-- Problem requirements --
Write out every record below exactly as given. Leave the pictures out.

-- Provided records --
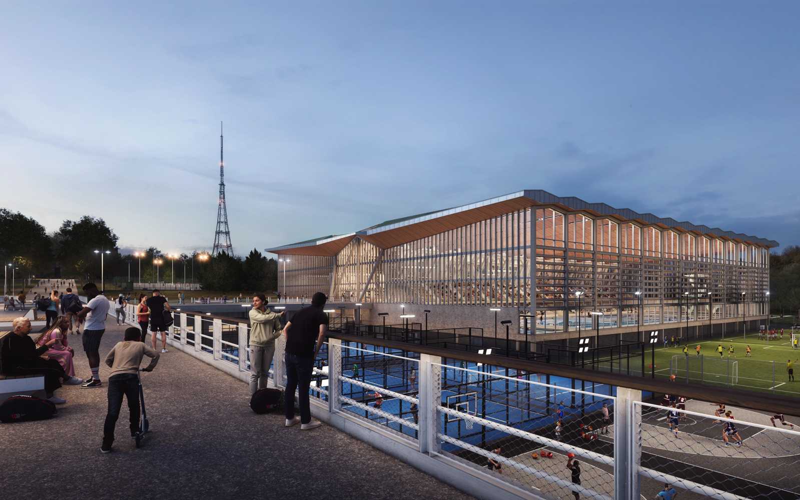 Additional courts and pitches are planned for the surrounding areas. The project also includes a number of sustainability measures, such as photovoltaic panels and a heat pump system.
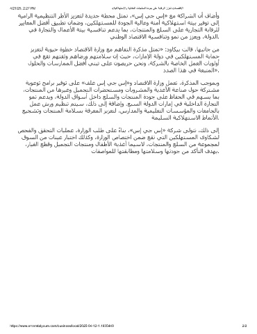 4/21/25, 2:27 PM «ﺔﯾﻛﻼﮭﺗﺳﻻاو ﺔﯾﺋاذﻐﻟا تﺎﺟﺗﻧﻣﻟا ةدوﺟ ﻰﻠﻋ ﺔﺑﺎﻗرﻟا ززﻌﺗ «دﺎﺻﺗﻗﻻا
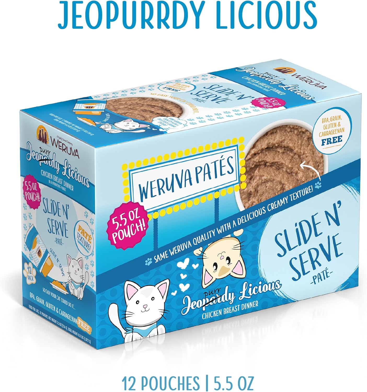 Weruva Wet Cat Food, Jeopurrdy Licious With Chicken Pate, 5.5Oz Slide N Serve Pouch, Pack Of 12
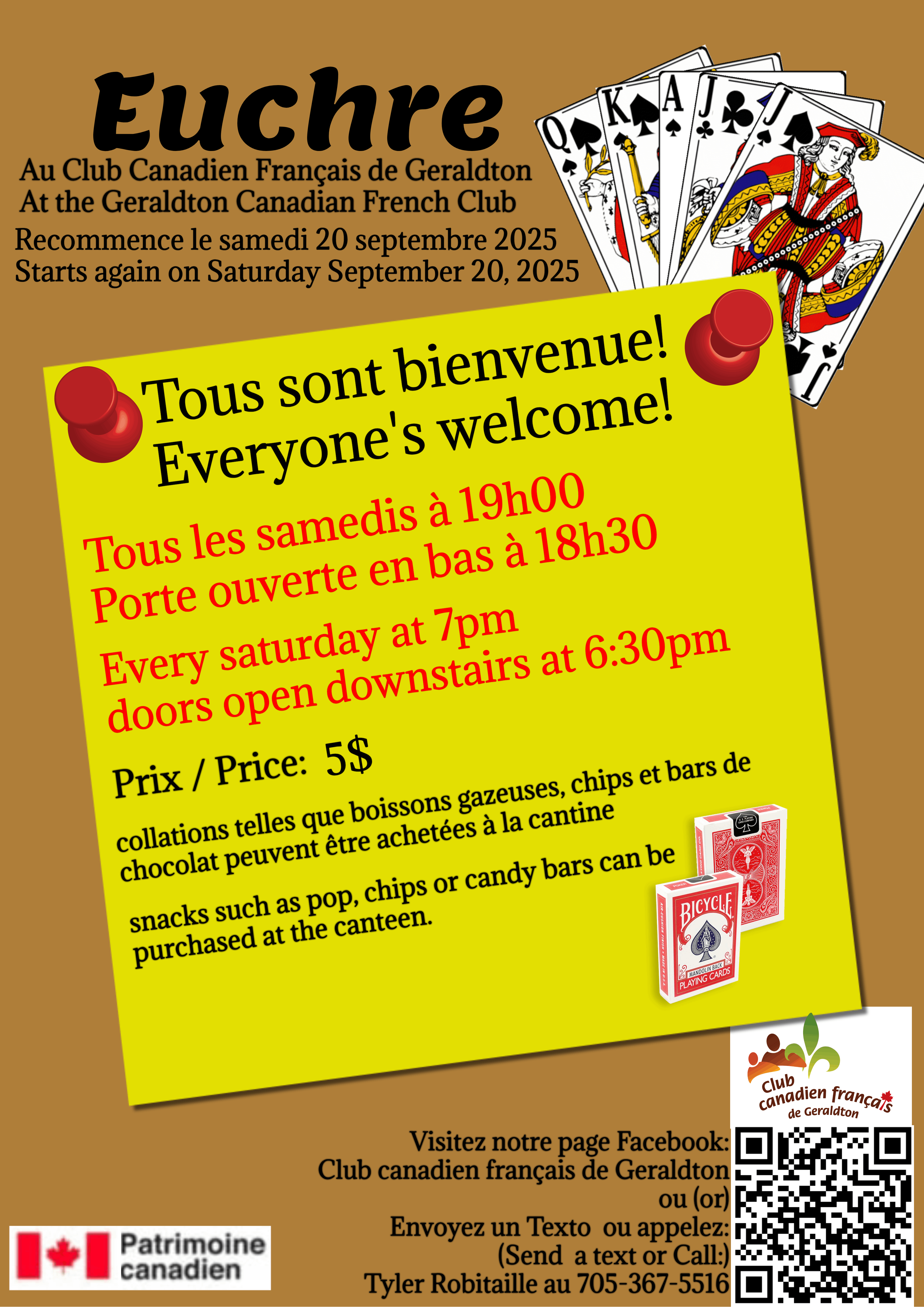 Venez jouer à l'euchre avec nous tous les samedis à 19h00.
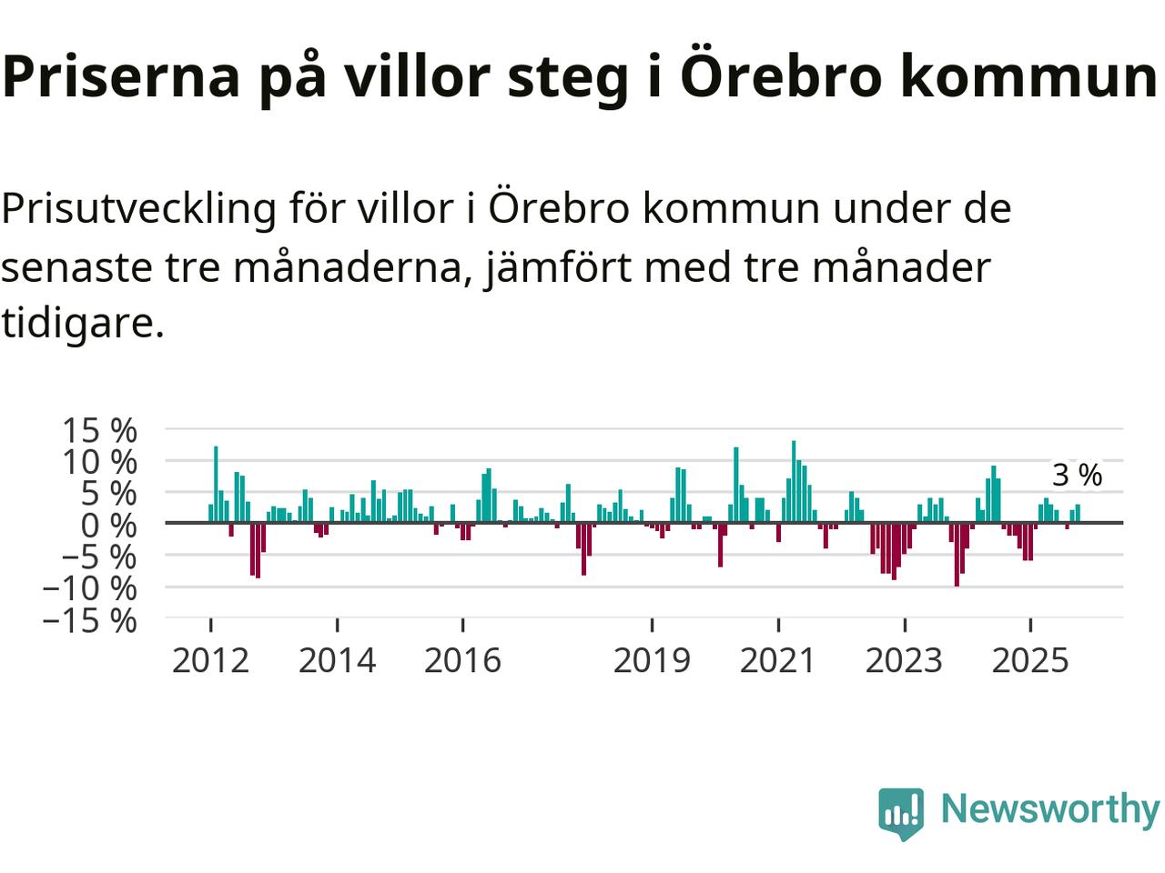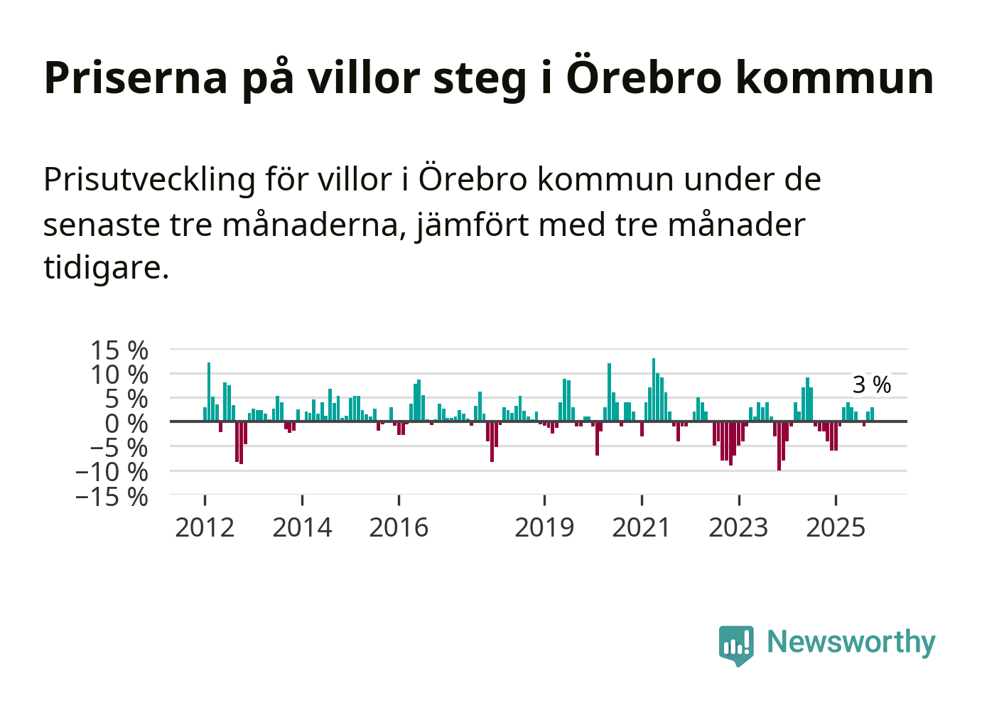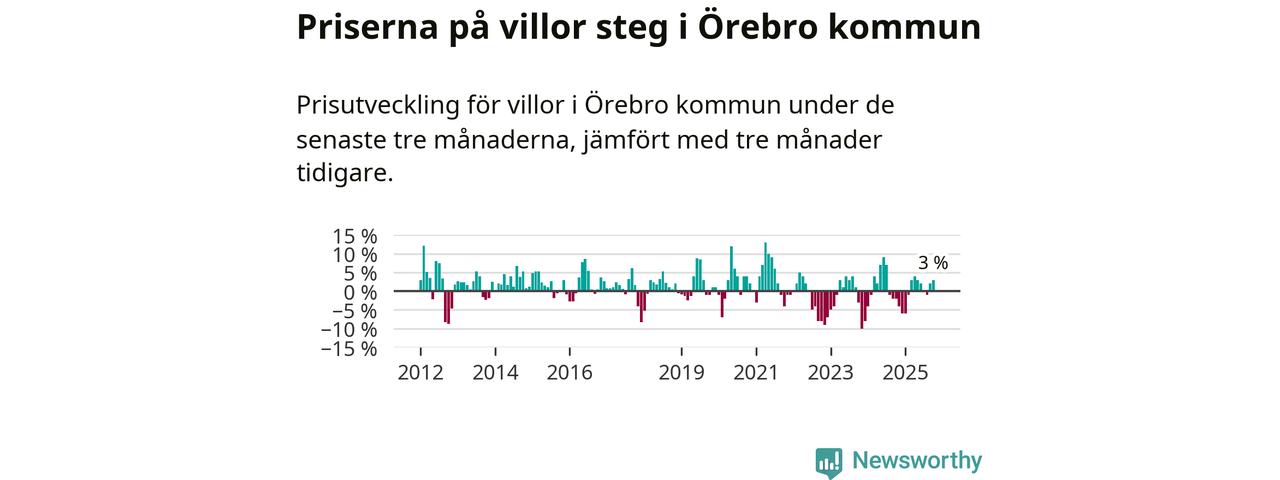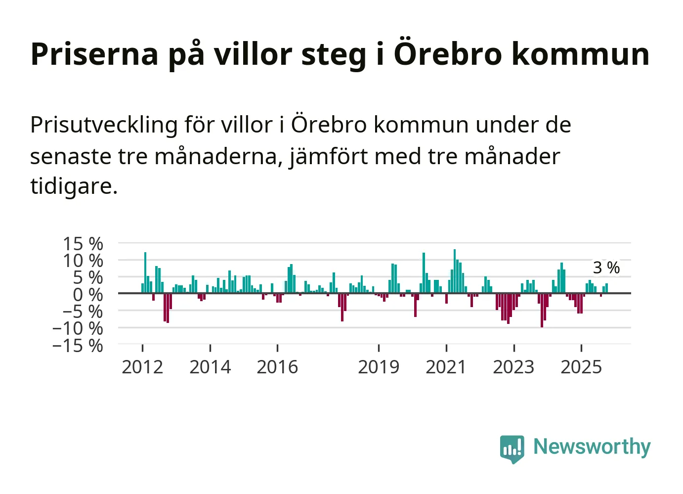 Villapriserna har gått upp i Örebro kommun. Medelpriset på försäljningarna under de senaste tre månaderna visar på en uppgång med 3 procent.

-- Reply --
 Additional courts and pitches are planned for the surrounding areas. The project also includes a number of sustainability measures, such as photovoltaic panels and a heat pump system.
 4/21/25, 2:27 PM «ﺔﯾﻛﻼﮭﺗﺳﻻاو ﺔﯾﺋاذﻐﻟا تﺎﺟﺗﻧﻣﻟا ةدوﺟ ﻰﻠﻋ ﺔﺑﺎﻗرﻟا ززﻌﺗ «دﺎﺻﺗﻗﻻا
 Weruva Wet Cat Food, Jeopurrdy Licious With Chicken Pate, 5.5Oz Slide N Serve Pouch, Pack Of 12
 Venez jouer à l'euchre avec nous tous les samedis à 19h00.
 Villapriserna har gått upp i Örebro kommun. Medelpriset på försäljningarna under de senaste tre månaderna visar på en uppgång med 3 procent.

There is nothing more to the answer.